Chemistry (Master of Science)
An M.S. degree in chemistry prepares students for careers in chemical sciences, biomedical sciences, catalysis, energy, environment, or materials science as well as other professional fields that apply strong research skills or basic chemical understanding. Because of the research-intensive graduate education at UVM, a description of research by classic chemical subdivision follows.
Analytical chemistry involves developing and applying instrumentation and chemical methods to solve problems across a range of chemistries and scientific disciplines. One focus is in electroanalytical chemistry studying redox processes of organometallic compounds, including electrocatalysis relevant to the environmental and biological applications. Another area focuses on the development of innovative methods and instruments to study the formation and chemistry of organic aerosols in the atmosphere. This work bridges the gap between analytical chemistry and atmospheric science, contributing to our understanding of the impact of aerosols on global climate through direct scattering of solar radiation and the formation of ice and water clouds. The third area develops mass spectrometry instrumentation and chemistries for addressing current problems in the biomedical sciences.
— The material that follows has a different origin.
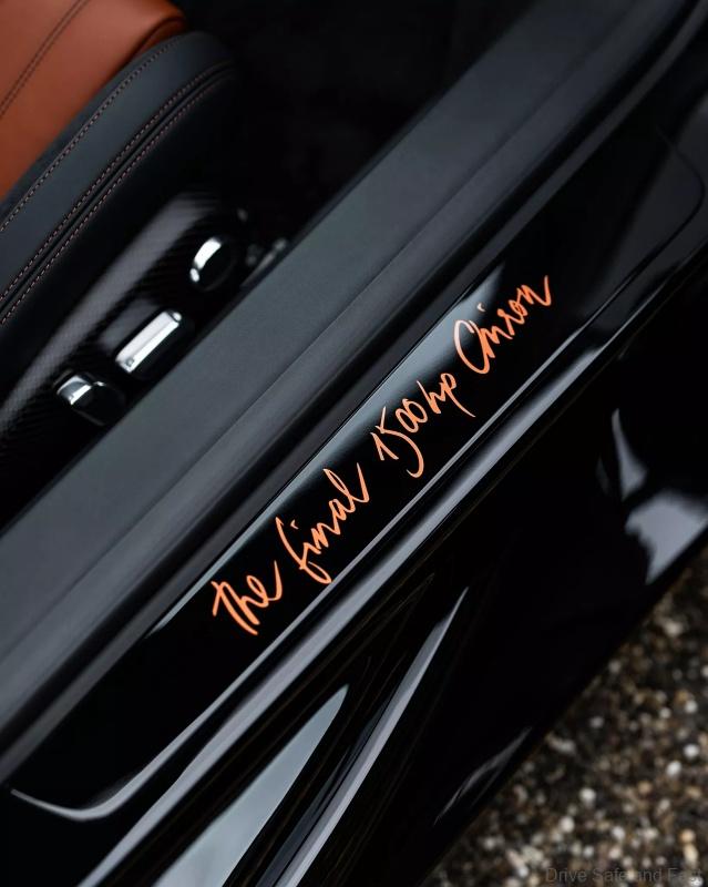 The Bugatti Chiron, finished in glossy Nocturne black paint with Copper orange accents, features a unique horseshoe grille showcasing the number ‘16’ in the same copper hue. The interior is adorned with Beluga Black and Copper leather, with a handwritten note on the center console and door sills declaring it as “The final 1500hp Chiron.”

Key foci are development of methods for advancing the rapidly growing field of proteomics and application of stable isotopically labeled tracers to answer questions of metabolism and metabolic diseases in humans.
Inorganic chemistry at UVM involves the study of main-group elements and transition metals in a variety of contexts, with applications in catalysis, energy, environment, and medicine. One example is the synthesis and characterization of inorganic particles, which can be functionalized for broad applications in heterogeneous catalysis, targeted drug delivery, and biological imaging. Another area of interest is spectroscopic and biochemical studies of metalloproteins, with the goal of using a detailed understanding of their structures to explain reaction patterns. Finally, a third example is the design of metal-based catalysts for chemical bond formation, which can be applied to the preparation of useful small molecules and novel polymeric materials.
Current research in organic chemistry includes the development of novel synthetic methodologies to prepare oxygen- and nitrogen-containing heterocyclic compounds, new ring fragmentation reactions and their applications in synthesis, development of efficient and stereoselective tandem/cascade reaction sequences, target-directed total synthesis of medicinally valuable natural products including macrolides, alkaloids, and terpenoids, biomimetic natural product synthesis, mechanistic studies of organic chemical reactions, development of 1,3-diaza-Claisen rearrangements and applications toward the synthesis of guanidine-containing natural products, and studies in bioorganic chemistry.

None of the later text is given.